Comments and feedback always welcome. Thanks again, Mike, for the assistance.
Complete FLA, PHP and file structure source files with options for Custom Directories and File Name Rewrite.
Hey don! I just found out about your uploader and i love it! It’s great! I tried a lot and yours is the best one i tried.
The only thing is that i want to change it to accept only archive files (zip, rar) and i don´t own flash, and even if i have it i wouldn’t know how to make the changes…
Do you have any modified version that allows zips at least?
Thanks a lot Don!!
Sure, man, I’ll email you a modified version. For everyone else that knows flash, just add:
case "archive" :
var archiveTypes:Object = new Object();
archiveTypes.description = "Archive Files (*.rar, *.sit, *.zip)";
archiveTypes.extension = "*.rar;*.sit;*.zip";
allTypes.push(archiveTypes);
exts.push("rar","sit","zip");
break;
to the Flash and republish, and add the new archive file to the types array in the index.php file, like this:
fo.addVariable("types", "video|text|pdf|image|audio|archive");
Don- I’m trying your flash uploader today and it seems very nice! I’m trying to get it working in a situation where I’ll upload MP3 audio files. When I test an upload, after the file completes the transfer, I get a message ‘The file could not be uploaded. Filetype (MPG3) not permitted.’
What am I doing wrong and where do I need to make a change? This is happening with every MP3 audio file I try to upload. The only file in your archive where I can find the string ‘MPG3’ is in module.audio-video.riff.php. In module.audio.mp3.php I only see ‘MP3’ written.
I’d also like to be able to pass in a filename that the upload will be renamed to. If this is supported, please let me know how. I don’t own a copy of Flash.
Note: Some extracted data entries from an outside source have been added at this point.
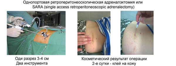 Однопортовая техника выполнения внебрюшинного поясничного доступа является самым современным методом удаления опухолей надпочечников. Основное её отличие от традиционной операции, наличие только одного прокола!, как правило, длиною 3 см, через который хирург проводит видеокамеру и необходимые инструменты. После выделения опухоли надпочечника производят его удаление. На кожу накладывают один шов и рубец на спине через несколько дней ели-ели заметен.
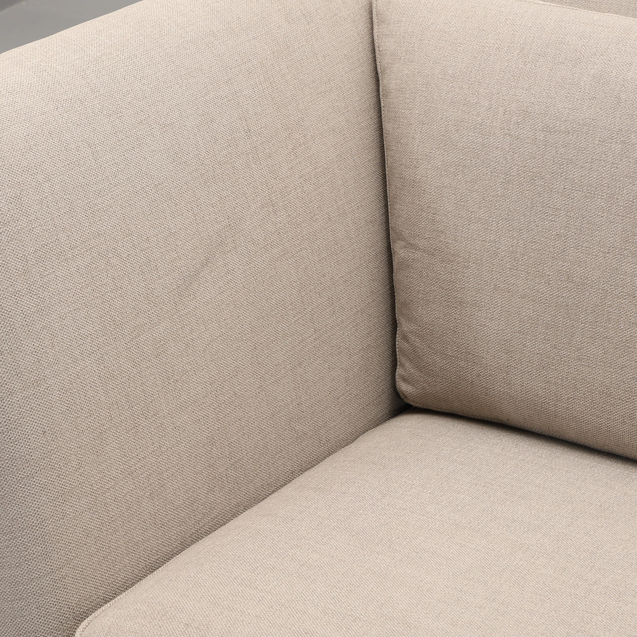 2-delt. Fuldbetrukket med løse polstrede puder, betrukket med gråt stof. Dekor negle. Længde 118+118=236 cm, dybde 103, sædehøjde ca. 40 cm.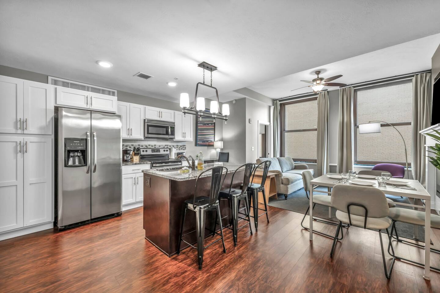 ★ ADDITIONAL ACCOMMODATION ★ Traveling in a larger group, or your preferred dates are already taken? You'll be happy to know that we offer additional units in the building with an option of renting multiple together. Please browse our host profile for the complete list of gorgeous listings. ★ CLEANING & SANITIZATION ★ Health, safety, and well-being of our guests are of utmost importance. For this reason, we use a thorough cleaning process after each check-out. ★ GUEST SCREENING & DAMAGE PROTECTION ★ The Primary Reservation holder must provide a valid Government-issued ID prior to check-in. ★ BUILDING & CONDO SECURITY MEASURES ★ • Minut noise detectors are located in the apartment and monitor noise levels. • Surveillance cameras monitor building common areas (never inside the unit). • 24/7 building security. ★ PETS ALLOWED ★ We love those little (and not so little) furry bundles of joy. We charge a $25 per night, $100 per week, or $300 per month pet cleaning fee (per pet). This fee will be charged via Airbnb Resolution Center if not collected at booking. ✔ Maximum of 2 pets, must be well trained. ✔ No aggressive breeds or pit bulls permitted. ★ NO SMOKING INSIDE ★ Please refrain from smoking inside the home. 🚭 Any evidence of smoking will result in fees for odor removal and furniture cleaning and immediate eviction without refund. ★ NO PARTIES/EVENTS ★ We kindly ask you to treat our home as your own to preserve its pristine condition for future guests and your return visits. Any unauthorized parties or events will result in immediate eviction without refund. ★ ADDITIONAL FEES ★ • Early Check-In: $25 (2 PM) or $50 (12 PM), subject to host approval and cleaner availability. • Late Check-Out: $25 (12 PM), subject to host approval and cleaner availability. • Lost Fob/Card: $150 replacement fee. Fobs/cards must be returned to the lockbox upon checkout. ★ AMENITY DISCLAIMER ★ • Amenities outside of the apartment (gym, garage, etc.) are managed by the building and subject to maintenance outside of our control. • Temporary amenity closures do not warrant a refund. Please inquire about amenity status before booking. ★ PARKING INFORMATION ★ • $20/day for unlimited in/out access for 1 car. Please message us to request a parking pass and we will send a payment request. • Parking garage is managed by an independent company across the building. • Garage clearance: 6'-3". ★ FIREPLACE NOTICE ★ The fireplace is for display only and is not functional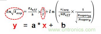 这个一般描述可解释为直线函数 y = ax + b,其中 y 代表暴露时间 texp 的 ln√,x 代表 1/T(= 绝对温度 T [开尔文] 的倒数),如图 3 所示。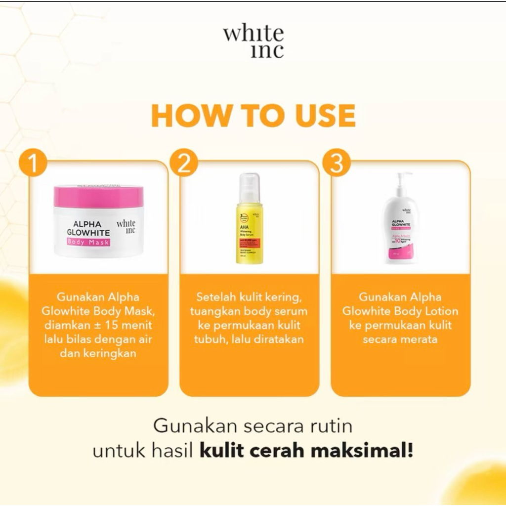 WHITE INC 3IN1 BRIGHTENING CARE ALPA GLOWHITE BODY LOTION + AHA BODY SERUM + ALPA GLOWHITE BODY MASK

I added it to the allowed extensions and sent it to you. Give it a try.
case "audio" :
var audioTypes:Object = new Object();
audioTypes.description = "Audio Files (*.aif, *.mp3, *.wav, *.wma)";
audioTypes.extension = "*.aif;*.mp3;*.mpg3;*.wav;*.wma";
allTypes.push(audioTypes);
exts.push("aif","mp3","mpg3","wav","wma");
break;
As far as renaming files, this wouldn’t take too long to add, if you had Flash. Unfortunately, the uploader doesn’t support this at this point. In fact, you’re the only one that has asked for this functionality, so (unless something changes), it probably wouldn’t be added.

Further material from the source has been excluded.